Tokens represent the fundamental units into which raw text is divided for processing by language models and other NLP systems. Rather than processing raw characters or words directly, modern language models operate on discrete token sequences, where each token maps to a numerical identifier enabling efficient computation. The tokenization process bridges human language and machine computation, determining what granularity of linguistic information models see and process. This seemingly simple preprocessing step profoundly impacts model architecture choices, computational efficiency, vocabulary coverage, and downstream performance across diverse tasks and languages.

Historical Evolution

Tokenization has evolved dramatically alongside NLP methodology. Early NLP systems operated at the word level, treating space-separated sequences as atomic units. This word-level approach faced fundamental limitations: handling unknown words (out-of-vocabulary or OOV terms) proved problematic, as systems either discarded rare words or replaced them with a universal unknown token, destroying valuable semantic information. Additionally, morphologically rich languages with productive inflection and derivation produced massive vocabularies where rare word forms appeared only once or twice in training data.

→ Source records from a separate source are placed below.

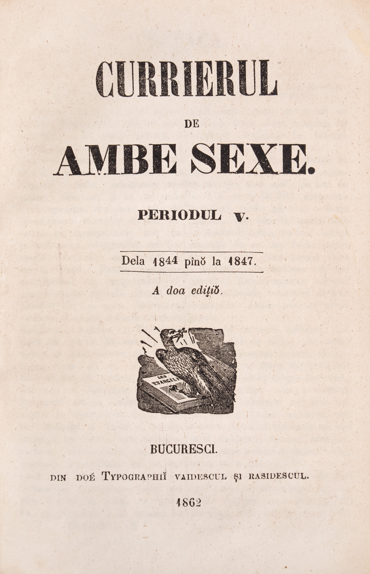Revista editată de Ioan Heliade Rădulescu "Curier de ambe sexe" este prezentă în forma ediției a doua din 1862, astfel: vol I de la 1836 până la 1838, vol. II de la 1838 la 1840, vol. III de la 1840 la 1842, vol. IV de la 1842 la 1844 și vol. V de la 1844 până la 1847. Alături de volumul V este colegată lucrarea publicată de Eliade în 1862 la București, "Crucea de argint".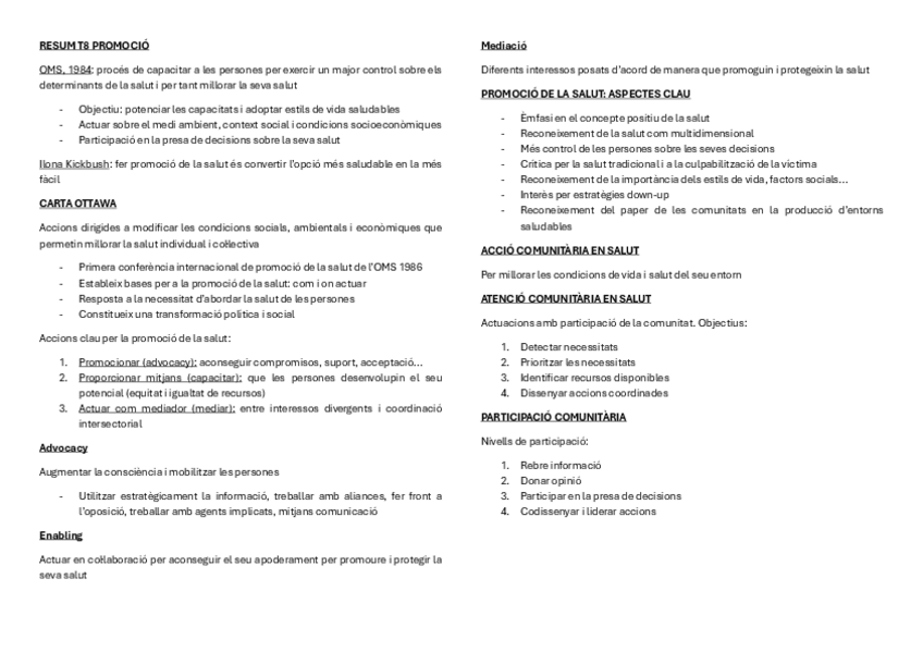 He publicado nuevos apuntes de 1º Infermeria de salut pùblica i comunitària: RESUM-T8-PROMOCIO.pdf
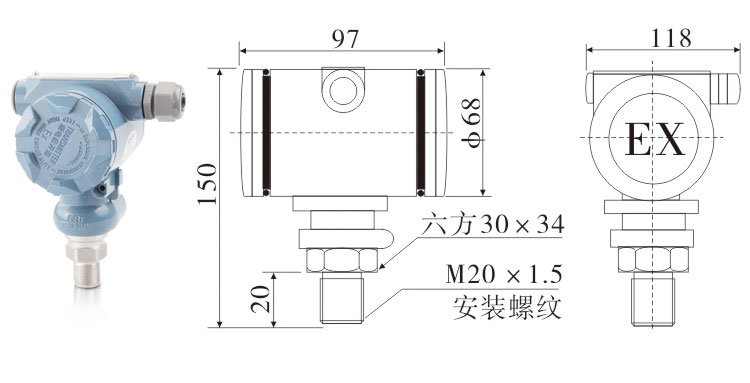 可選隔離防爆型防爆、防爆標志:Ex dⅡB T4 Gb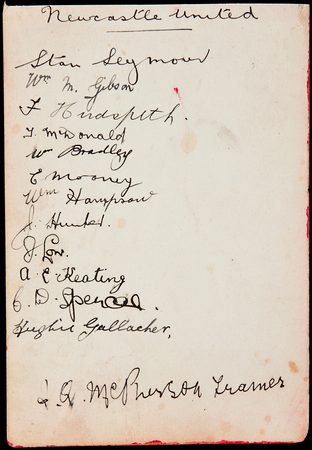 Newcastle United autographs circa 1925-26, in ink on an album page, including nine of the 1924 F.A. Cup winners, Bradley, Hampson, Hudspeth, Mooney, Spencer, Gibson, Low, McDonald & Seymour, plus new signing Hughie Gallacher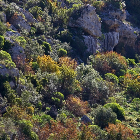 Le piante mediterranee affrontano la siccità estiva con adattamenti come radici profonde, foglie coriacee o coperte di peli, e l’estivazione, per esempio in Euphorbia dendroides. Molte specie annuali crescono in primavera e sopravvivono all’estate come semi. In questa aiuola troviamo specie come Cistus e Phlomis fruticosa, tipiche del bacino mediterraneo. Il Monte Conero segna il limite settentrionale del clima mediterraneo lungo l’Adriatico italiano.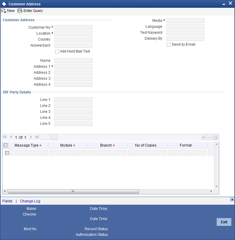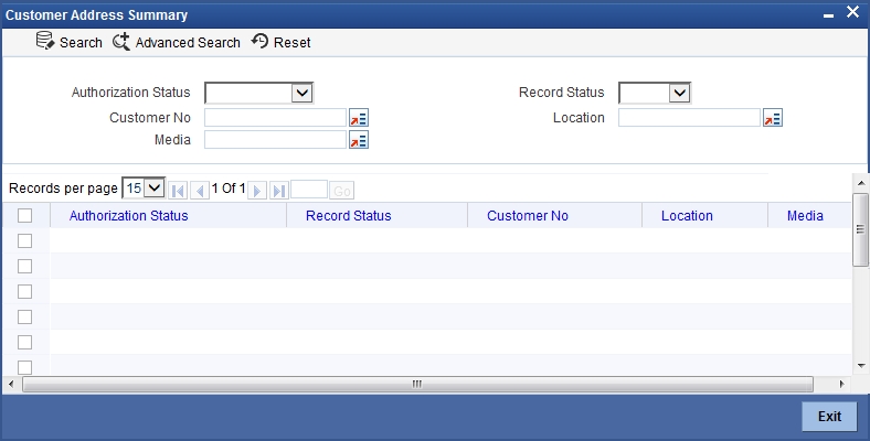 After you have made the mandatory entries, save the record. A customer address record that you have created should be authorized by a user, bearing a different Login Id, before the End of Day (EOD) process can begin. Click ‘Exit’ or ‘Cancel’ to return to the Application Browser.

The neural era brought character-level models that processed text as sequences of individual characters, avoiding vocabulary limitations entirely but creating excessively long sequences that amplified computational costs and made learning long-range dependencies difficult. Hybrid approaches emerged using character information to augment word embeddings—models like fastText and ELMo used character sequences within or below word-level models to handle novel words and spelling variations while maintaining reasonable sequence lengths.

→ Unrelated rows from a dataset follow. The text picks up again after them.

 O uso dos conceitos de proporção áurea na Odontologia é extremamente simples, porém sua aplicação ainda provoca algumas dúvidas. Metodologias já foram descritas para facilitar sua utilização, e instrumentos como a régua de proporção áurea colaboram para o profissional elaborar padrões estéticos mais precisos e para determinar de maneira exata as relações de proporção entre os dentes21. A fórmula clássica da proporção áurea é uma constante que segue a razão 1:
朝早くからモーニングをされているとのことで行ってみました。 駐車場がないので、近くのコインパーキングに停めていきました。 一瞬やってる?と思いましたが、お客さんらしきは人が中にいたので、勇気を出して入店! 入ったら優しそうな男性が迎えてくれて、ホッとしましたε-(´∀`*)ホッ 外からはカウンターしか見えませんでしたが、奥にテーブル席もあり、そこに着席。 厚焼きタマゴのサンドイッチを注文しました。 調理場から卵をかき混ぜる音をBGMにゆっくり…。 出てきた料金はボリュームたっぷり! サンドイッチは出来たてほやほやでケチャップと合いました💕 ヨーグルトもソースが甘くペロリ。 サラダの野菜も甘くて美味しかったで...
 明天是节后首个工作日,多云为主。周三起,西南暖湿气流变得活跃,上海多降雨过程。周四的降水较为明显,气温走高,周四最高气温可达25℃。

The transformative breakthrough came with Byte Pair Encoding (BPE), introduced by Sennrich and colleagues in 2016 for neural machine translation. BPE discovered an elegant middle path: automatically learned subword units balancing vocabulary coverage with sequence length. Rather than manually designing tokenization schemes, BPE iteratively merged the most frequent adjacent character pairs, discovering linguistically-motivated subunits like morphemes and common prefixes/suffixes without explicit linguistic guidance. This algorithmic approach proved immediately successful, scaling to billions of parameters while maintaining fixed-size vocabularies.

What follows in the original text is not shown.